The latest Gemini update for Android Auto also absolutely ruined the voice control for Waze. It was already bad, but now Android Auto is basically unusable by voice.
PMs keep trying to make them "smarter," and it just makes the core user journeys worse.
Surely they think they're inventing cars when we're griping about buggy whips. But it really feels like voice assistants peaked ~10y ago for the things people actually want them for.
My wife and I both would love for the voice assistants to do more. They just won't. Even with weather, anything more than "what's the weather like today" will usually not get a good result. "When will it rain today?" gets OK responses.
As soon as I figure out how to put a decent GPU into my old rack server(s), I'll see how far I can get with HomeAssistant. I suspect it'll be some effort, but it'll be better at the end of the day.
I use a timer every day to brew my coffee. With a voice assistant I can set a timer, but with the lack of a screen I can't see how much time is left. One day I thought, "I'm going to finally get around to digging into this voice interface and see what the options are," hoping for something like, "Hey Dingus, set a five minute timer and notify me when there's 10 seconds left."
Or better yet, "Hey Dingus, five minute timer, with notify at 10 seconds."
Notice that this almost maps 1:1 onto a shell command with option flags, just verbally interfaced: "$ timer 5m --with-notify 10s"
Notice also a complete willingness on my part to learn how the thing works and change how I'm using it accordingly. This is the opposite of end user laziness. I'm willing to invest effort in becoming a "Power User" of my voice assistant.
So I looked for documentation, ready to read and use my brain to understand it and do what it tells me in order to start and stop my timers with greater proficiency.
...I found none.
Literally, there isn't any. They don't have documentation. Nowhere is there, even for someone motivated and willing to learn, the ability to do so.

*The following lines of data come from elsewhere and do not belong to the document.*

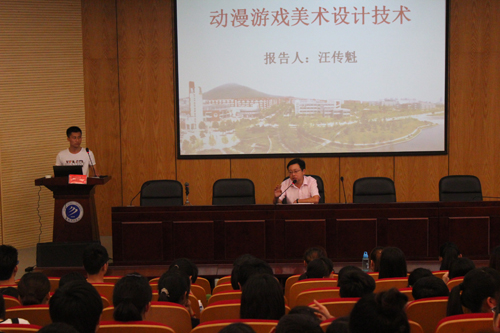 6月10日下午,北京搜狐畅游公司人物角色原画设计师、腾讯合肥分公司游戏事业部原画组组长、北京汇众益智科技公司合肥分公司原画高级讲师汪传魁在学术报告厅做了“动漫游戏美术设计技术”的专题报告。我院执行院长计勇主持报告会,动漫设计与制作、动画、数字媒体等专业师生聆听了本次报告。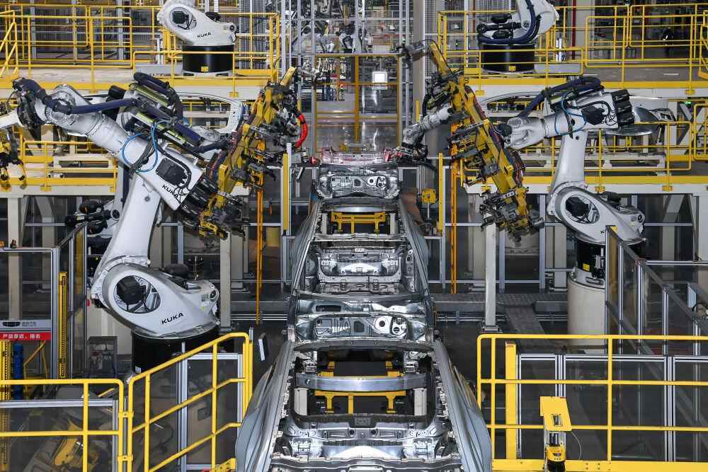 2月24日在广州番禺广汽智联新能源产业园拍摄的埃安智慧产线。新华社记者 刘大伟 摄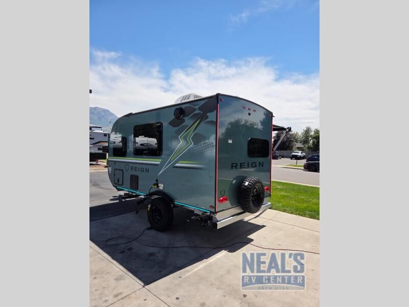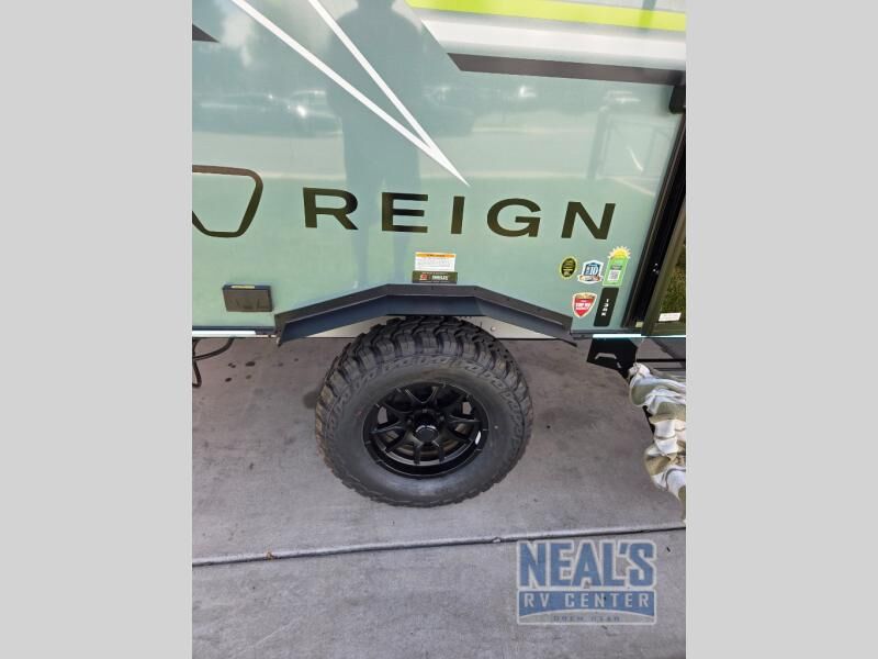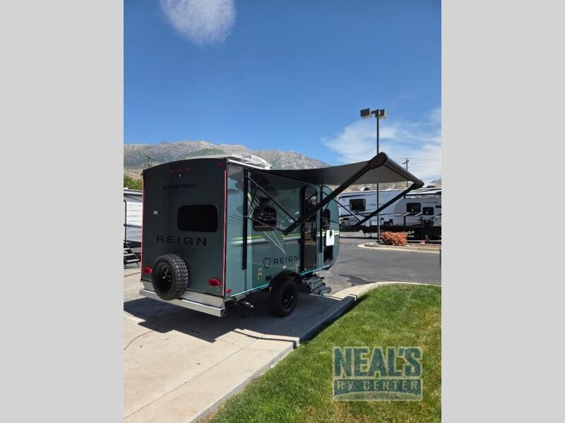 The Reign travel trailers by Keystone are premium single-axle units that are sure to make an impression at the campground. Each one is built with an exclusive automotive-finished aluminum exterior, a walkable roof, and a 100% composite floor for added durability. There are also tinted safety glass windows, quick drop stabilizer jacks, and an exterior shower with hot and cold water. The European inspired interior design is unique and cozy, and the 78" interior height will give you plenty of space to move about. You will also enjoy the ultra bright LED light strip, along with blackout night shades, and many more interior comforts.
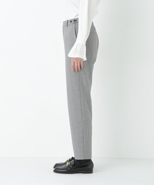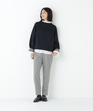 ロング丈トップスやボリューム感のあるニットともバランス良くスタイリングできるパンツです。少し短めの股下設定なので柄ソックスを見せてトラッドに履きこなすのもおすすめです。

Ok, well that is understandable if these things are changing rapidly. Maybe there's the equivalent to a "$ timer --help" baked into the assistant itself. Maybe it can tell me what options exist so I can use them. I ask the assistant to explain itself. "What are my options when setting a timer?"
It can't parse my question. Literally, it doesn't know what I'm asking for. Because nobody ever considered that a user might ask that question or even want to know that information.
At that point, on the spot, I gave up. Clearly this thing is not designed or intended to be a thing that one could gain skill with. It's an utterly unserious product.
I would very happily learn an entire verbal DSL, a whole pidgin dialect of English, purely for interacting with my voice assistant. "Hey Dingus, five minute staged timer: thirty seconds, two minutes, one minute, one minute, remainder, with countdown from five seconds" is not "natural language" anymore. But you can bet you'd hear me saying it, if that's all it took to make the voice assistant run my coffee brewing recipe with nothing but my voice. And then, hey bonus, let me bind that to a personal shortcut so all I need to say is "Hey Dingus, coffee timer" and I don't even need to reach for my phone.
But you can't do that. It literally does not support being taken seriously. Or, if it can, the design is utterly hostile to me discovering how. So I've never even tried to do anything, since that very day, other than turning smart lights on and off.
My point is: I didn't fail the technology. I came to the table with willingness to tinker and experiment, willingness to change my expectations to suit the design as I discovered it, willingness to work to make it a part of my routine. The technology failed me.
Pre-gemini, you knew what you would get, basically the structured snippets that would appear at the top of the search results.
Now it's much more verbose.
My biggest gripe is that it basically stopped listening to me, since "upgrading" to Gemini, which is frustrating because I've used it to control the Hue lights for the past decade.
It listens to my partner though, so after it fails to listen to me, I have to ask her to ask Google to adjust the fing lights.
Welp
It also now seems to trigger its own barge-in about 50% of the time. It'll start reading the first syllable of a message, apparently confuse itself talking for me saying something, then just follow that with silence "listening" for my response until I physically have to hit the back button on the car.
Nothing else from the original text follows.